_Recorded information:_

___

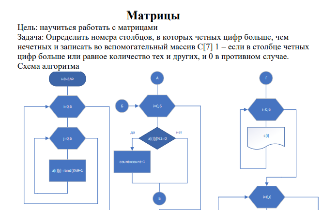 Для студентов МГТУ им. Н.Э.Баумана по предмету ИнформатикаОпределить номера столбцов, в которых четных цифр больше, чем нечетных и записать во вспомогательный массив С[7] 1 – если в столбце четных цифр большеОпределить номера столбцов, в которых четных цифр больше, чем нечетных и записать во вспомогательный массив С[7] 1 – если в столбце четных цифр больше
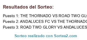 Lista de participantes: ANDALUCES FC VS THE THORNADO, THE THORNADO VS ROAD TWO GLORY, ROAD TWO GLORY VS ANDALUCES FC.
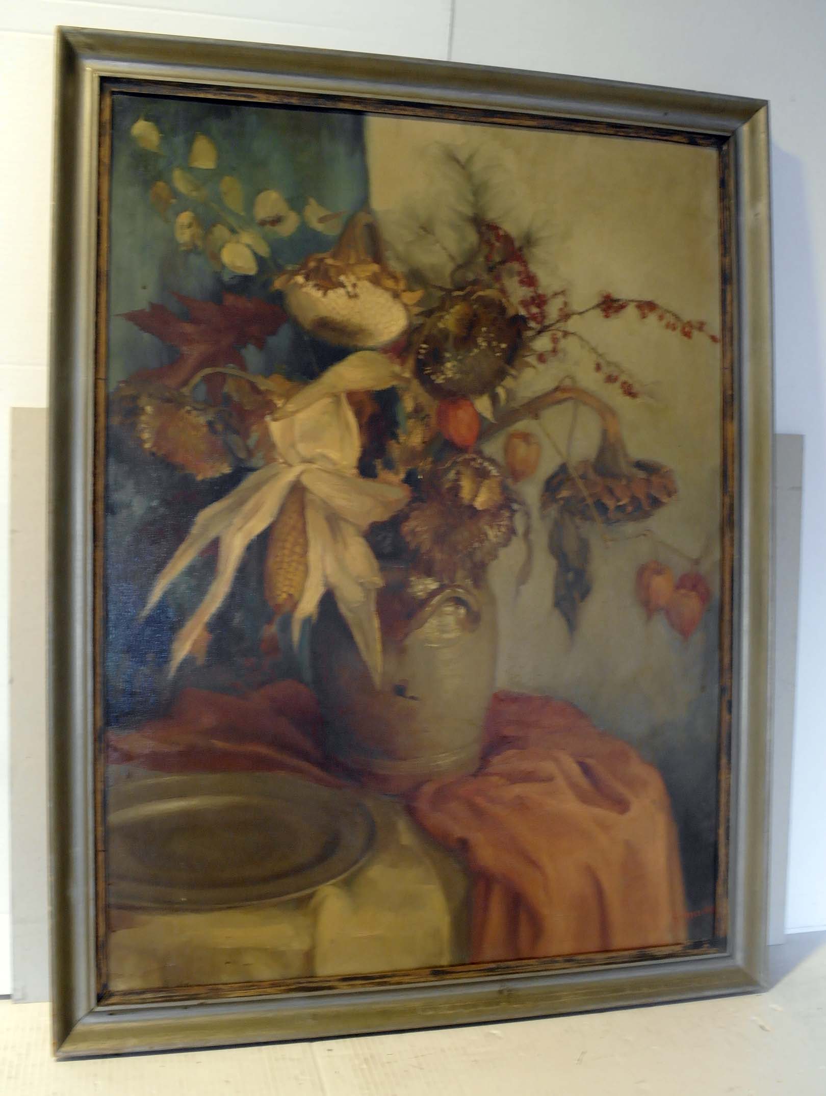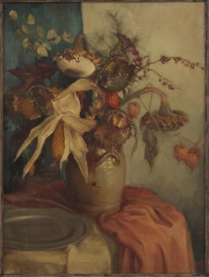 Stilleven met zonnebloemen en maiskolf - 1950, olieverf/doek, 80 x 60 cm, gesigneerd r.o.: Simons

___

_What to work on:_
Beginning at the line that contains "Lista de participantes: ANDALUCES" and ending at the last line of the data, return each line exactly; no picture belongs in the copy.

_Reply to the exercise:_
 Lista de participantes: ANDALUCES FC VS THE THORNADO, THE THORNADO VS ROAD TWO GLORY, ROAD TWO GLORY VS ANDALUCES FC.
 Stilleven met zonnebloemen en maiskolf - 1950, olieverf/doek, 80 x 60 cm, gesigneerd r.o.: Simons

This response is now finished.